= Prompt =
Reproduce the full listing below exactly. Do not include the pictures.

= Provided material =

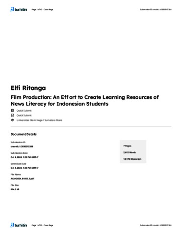 Bahri, Andini Nur and Sazali, Hasan and Ritonga, Elfi Yanti and Simamora, Irma Yusriani Film Production: An Effort to Create Learning Resources of News Literacy for Indonesian Students. Universitas Islam Negeri Sumatera Utara.
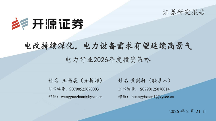【开源证券】【202602】电改持续深化,电力设备需求有望延续高景气-51页
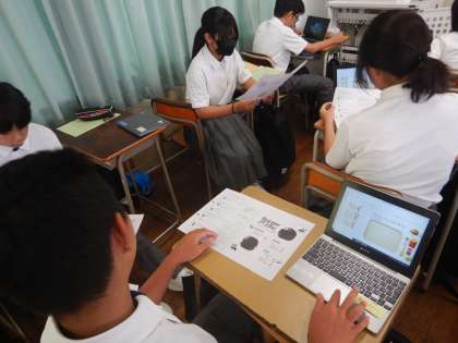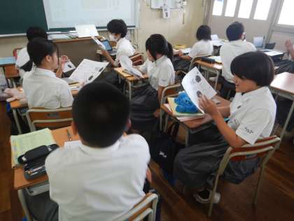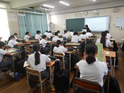 1年生の英語の授業で、ハンバーガー屋に行った時の注文を、英語で店員さんとやり取りする練習を行いました。

= Solved problem =
 Bahri, Andini Nur and Sazali, Hasan and Ritonga, Elfi Yanti and Simamora, Irma Yusriani Film Production: An Effort to Create Learning Resources of News Literacy for Indonesian Students. Universitas Islam Negeri Sumatera Utara.
【开源证券】【202602】电改持续深化,电力设备需求有望延续高景气-51页
 1年生の英語の授業で、ハンバーガー屋に行った時の注文を、英語で店員さんとやり取りする練習を行いました。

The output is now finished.